For much of my daughter’s life, it has never occurred to her that she isn’t able to do things that boys can do, or that boys shouldn’t do things that girls do. As with a lot of parents, we made a conscious effort to avoid buying her gender-specific toys, books, and clothes from a very young age. Of course, there are times that she gravitates towards more traditional items that are marketed towards girls, and that is fine because she also loves lots of things that are marketed towards boys as well. Lately, she has become much more conscious of gender stereotyping, and my heart swells when she notices sexism and points it out with disgust.

While I’m always looking for strong female role models for my daughter, I sometimes forget that it is equally important to seek out material for my son that shows men and women, or boys and girls, as equals who don’t need to be limited by behaviors and activities. The heart of feminism (to me anyway) is tolerance, equality, and treating everyone with respect, and what better place to start than with children.


Talk about female role models with your kids.  It is easy to get depressed about the lack of attention that is given to fascinating and accomplished women. These days there are so many great women role models around for young boys and girls, not only current figures but a long list of historical figures that you can introduce your children to. When you hear about inspiring women and girls, talk to your children about them; let them see what women are capable of doing. Here is a small sample of some of my favorite current female role models for kids.

  • Malala Yousafzai is an incredible young woman who your kids should know about.
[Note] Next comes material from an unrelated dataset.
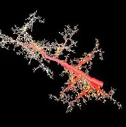 Modeled fractals may be sounds,[14] digital images, electrochemical patterns, circadian rhythms,[46] etc. Fractal patterns have been reconstructed in physical 3-dimensional space[21]: 10 and virtually, often called "in silico" modeling.[43] Models of fractals are generally created using fractal-generating software that implements techniques such as those outlined above.[4][13][21] As one illustration, trees, ferns, cells of the nervous system,[18] blood and lung vasculature,[43] and other branching patterns in nature can be modeled on a computer by using recursive algorithms and L-systems techniques.[18]
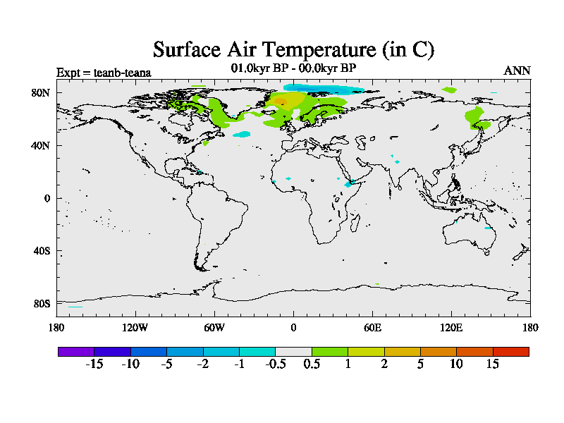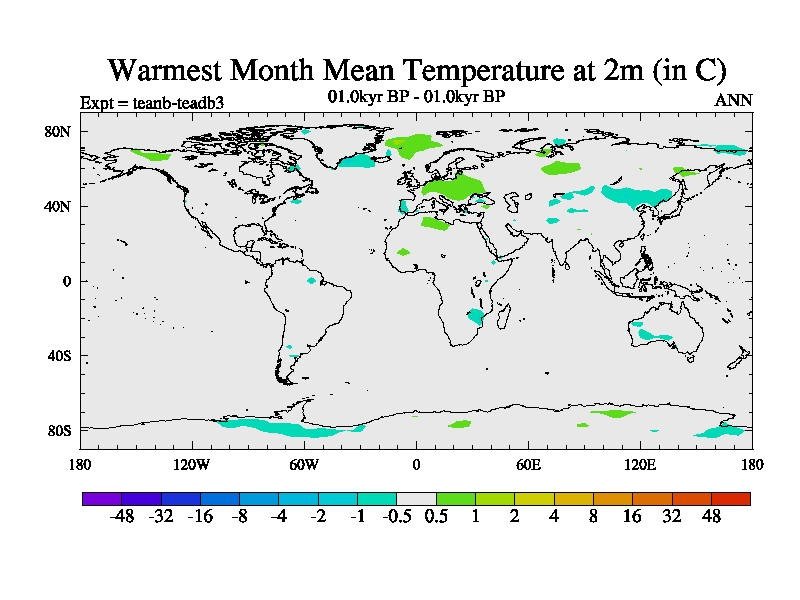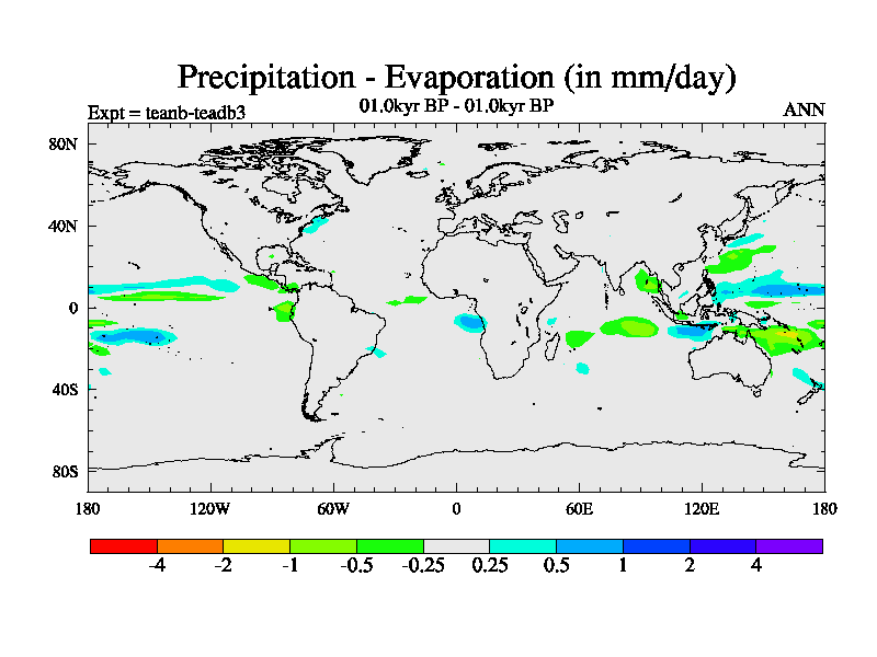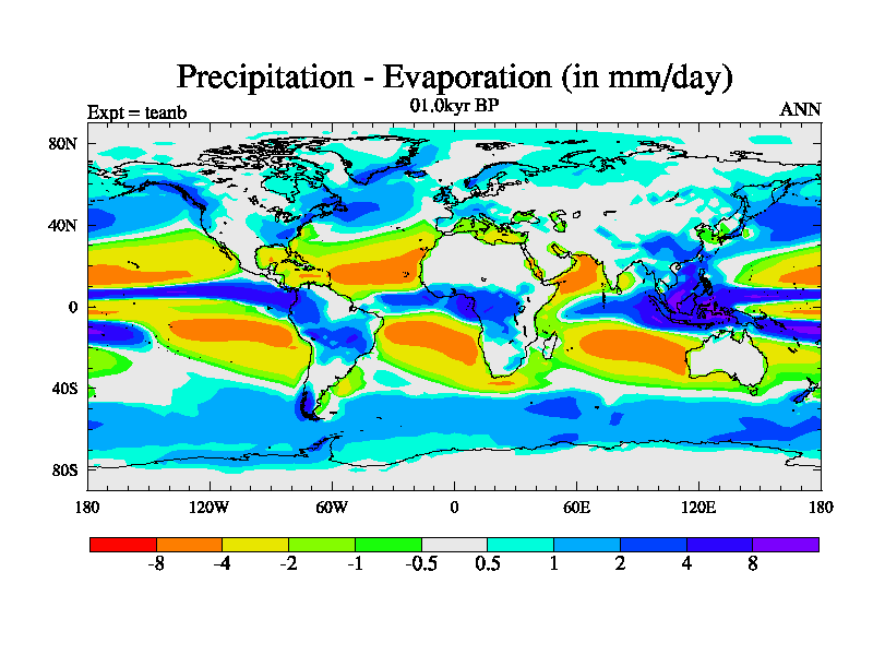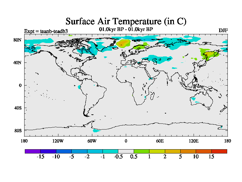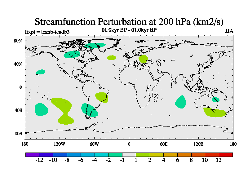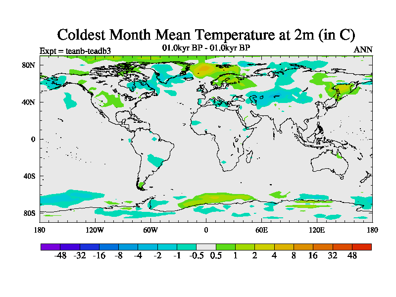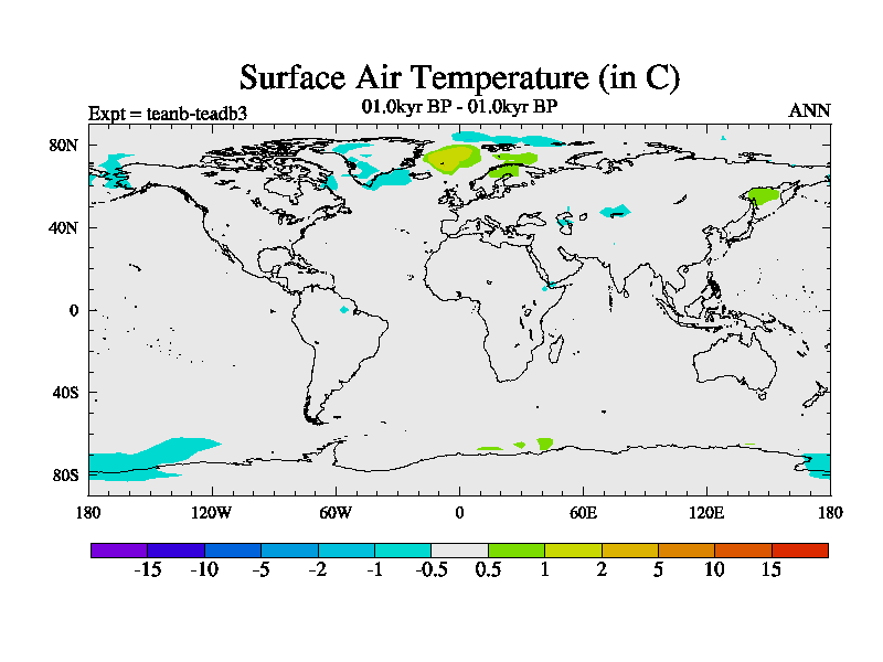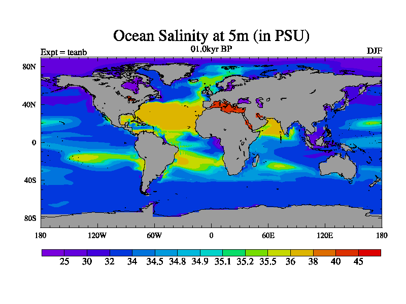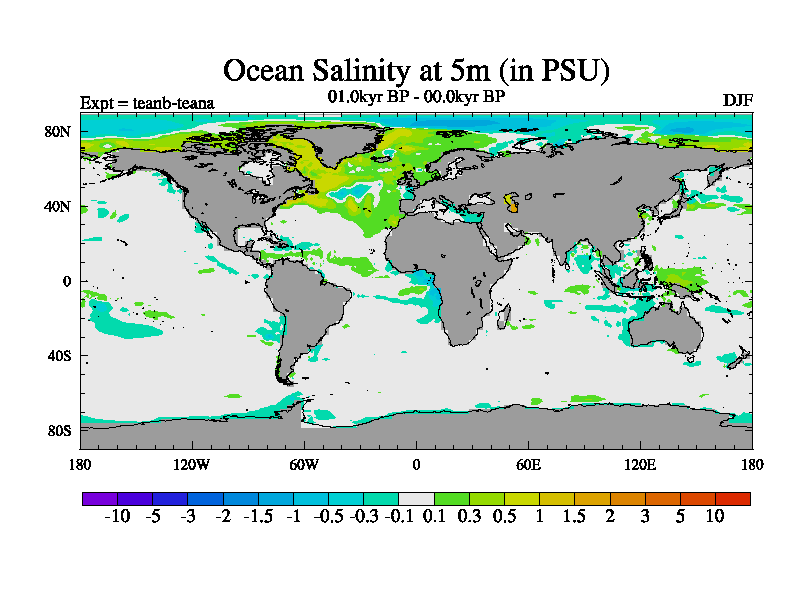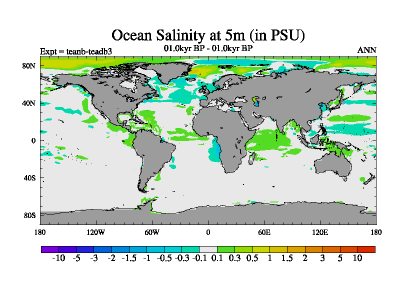 This is a continuation of teadb except that (a) the mass of the atmosphere has been corrected to the same as the control. and (b) we are not longer using the salinity conservation update but instead using a revised waterfix. This job is a standard version of HadCM3M2.1D (dynamic TRIFFID) based on tdaae. However, it has a number of small additions/changes. These include: (1) the dark_respiration update is included, (2) the orbital update as in FAMOUS, (3) salinity conservation is included, (4) age of water tracer included. One executable can be used for all time periods The boundary conditions are (a) peltier6g, used in anomaly mode, (b) GHGs from the latest estimates, (c) global salinity is 1PSU more at LGM and scaled with sealevel for other periods (d) orbital changes via FAMOUS update (default is Berger and Loutre 1991)

Malala is a girl’s education activist, and her story is hugely inspiring for anyone. After being shot in the head by the Taliban at age 14 and surviving, she continues to fight for the right for girl’s access to education. She recently won the Nobel Peace Prize; if you want to learn more about her story, her biography is a great read.
  • Emma Watson not only plays a feminist role model for girls as Hermione Granger in the Harry Potter series, she recently gave a fantastic speech at the UN on ending gender inequality that your kids should watch.
  • If you have a daughter (or son) who loves engineering and space, you should know about  Natalie Panek. She is a rocket scientist, explorer, and advocate for women in technology. I heard her speak at We Day Toronto 2014, and she would make a great role model for anyone interested in pursuing a career in space exploration.

You can find lists all over the web of top women politicians, entrepreneurs, artists, activists, scientists, writers, inventors, etc. If your child has a particular area of interest, find women in that field and talk to your kids about their achievements just as you would famous male figures.

Read books to boys and girls with strong female characters.
When you are choosing books for your very young children to read, be careful with the types of books you are selecting. Books are a large part of how children learn how to figure out the world, especially when they are very small. Choose a wide variety of books; avoid books that stick with gender stereotypes and embrace books with strong female characters. Look for stories with characters who take on all types of behavior and activities regardless of gender.

In my experience, most modern books are (for the most part) very gender-neutral (or maybe I just gravitate towards books that don’t follow the gender roles). There is a big market for empowered girl’s books, especially in the last few years. Here are a few popular ones to check out:

Challenge kids when they repeat stereotypical ideas about gender norms. Even if you are the most careful parent when it comes to trying not to define gender roles to your kids, they will still pick up on what society believes is a woman’s role or a man’s role, it’s impossible to avoid. Children at school will heavily influence your kids, the media, family, and friends, so when you notice your child is limiting the types of roles that either sex can be through discussion or play talk, challenge the idea of what is accepted.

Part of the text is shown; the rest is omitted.